Extracted records:
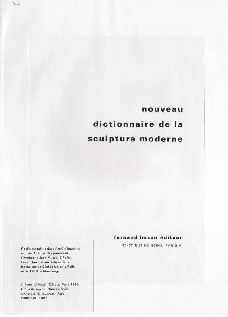 Φωτοαντίγραφο αποκόμματος εντύπου, στα γαλλικά, χαρτί, δύο τμήματα, 23,5×16,5 εκ., επικολλημένα σε φύλλο χαρτί Α4. Σελίδες από το Nouveau Dictionnaire de la sculpture moderne, 1970. Περιλαμβάνεται το λήμμα για την Ιωάννα Βεροπούλου-Σπητέρη.
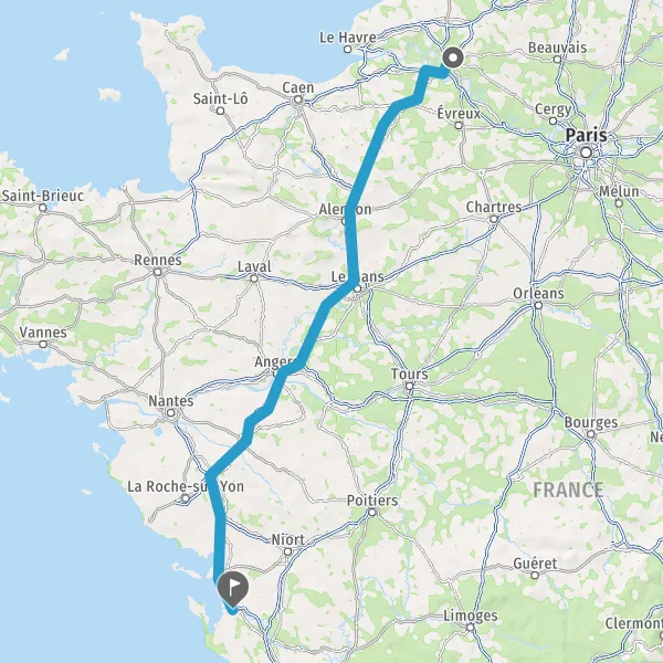 Continuer E501 (L'Océane) sur 84 kilomètres
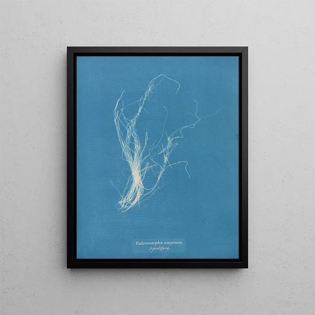 Anna Atkins, pionnière de la photographie botanique, a su allier la science et l'art dans ses œuvres. 'Enteromorpha compressa prolifera' est une illustration emblématique de sa méthode unique, utilisant la technique du cyanotype pour capturer la beauté des algues. Dans cette œuvre, les nuances de bleu et les formes délicates des algues sont mises en valeur, révélant non seulement la précision scientifique mais aussi une esthétique raffinée. En travaillant à une époque où la photographie était encore à ses balbutiements, Atkins a ouvert la voie à une nouvelle forme d'expression artistique qui continue d'inspirer les artistes contemporains. Son utilisation innovante des techniques de taidegrafiikka a permis de créer des œuvres qui se distinguent par leur légèreté et leur luminosité. Aujourd'hui, ses créations sont recherchées tant pour leur valeur historique que pour leur capacité à enrichir les espaces contemporains avec une touche de nature et de poésie. La taidegrafiikka de cette œuvre est un ajout parfait pour ceux qui souhaitent introduire une note d'élégance et de sérénité dans leur décoration intérieure.
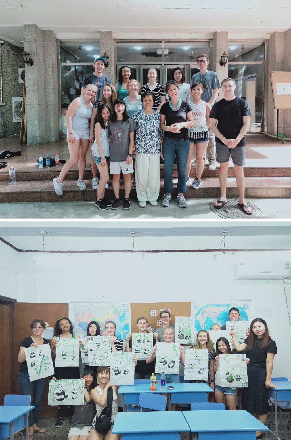 安雅教授一行人在西安交大的课程安排具有浓郁的中国文化特色,包括普通话、太极拳、书法、绘画、中国文学赏读等。老师从拼音开始,讲述传统文化精髓,演绎水墨丹青魅力。口译志愿者翻译太极拳、中国画、书法课等内容,课堂生动活泼,帮助科罗拉多大学师生,深入解读文学创作背景,认识当代中国。
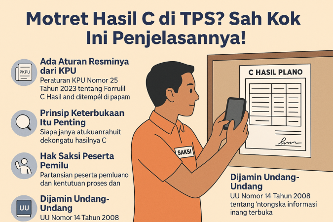 Pemilu itu milik rakyat, jadi prinsipnya kudu terbuka dan transparan. Semua yang hadir di TPS punya hak buat tahu hasilnya. Dan kalau pengen motret hasil C Plano yang udah dipajang, itu sah-sah aja.
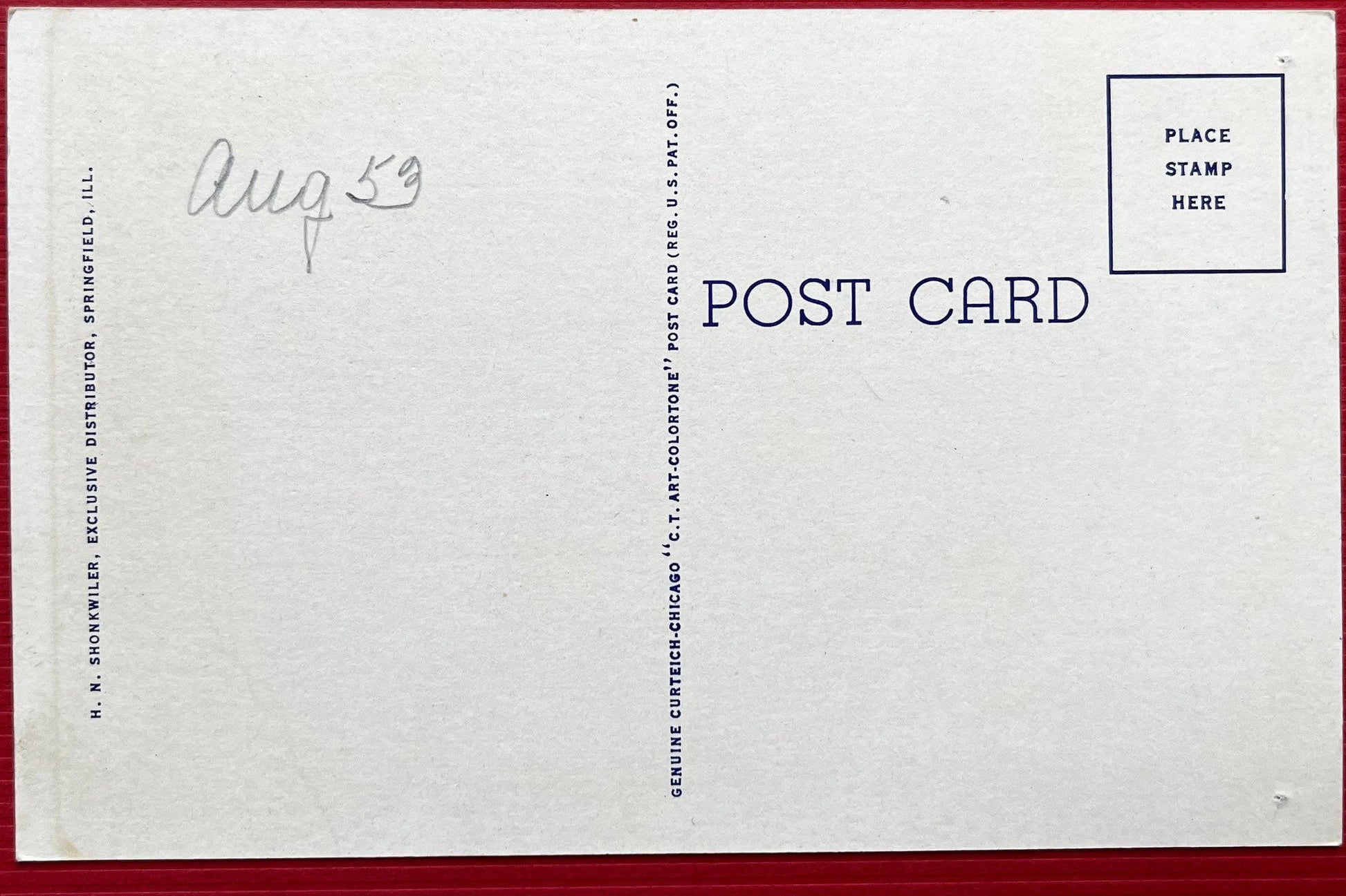 This Cur Teich Co. linen postcard depicts the Lincoln Tomb at sunset in Springfield, Illinois. The tomb is the resting place for Abraham Lincoln, his wife, and three of his sons. This is the perfect postcard for any Abraham Lincoln fans!

● **Instructions for the task**:
Exactly the lines starting at the one above with "安雅教授一行人在西安交大的课" and ending at the one with "Pemilu itu milik" should be printed, and nothing else. Omit the pictures.

● **Reply**:
 安雅教授一行人在西安交大的课程安排具有浓郁的中国文化特色,包括普通话、太极拳、书法、绘画、中国文学赏读等。老师从拼音开始,讲述传统文化精髓,演绎水墨丹青魅力。口译志愿者翻译太极拳、中国画、书法课等内容,课堂生动活泼,帮助科罗拉多大学师生,深入解读文学创作背景,认识当代中国。
 Pemilu itu milik rakyat, jadi prinsipnya kudu terbuka dan transparan. Semua yang hadir di TPS punya hak buat tahu hasilnya. Dan kalau pengen motret hasil C Plano yang udah dipajang, itu sah-sah aja.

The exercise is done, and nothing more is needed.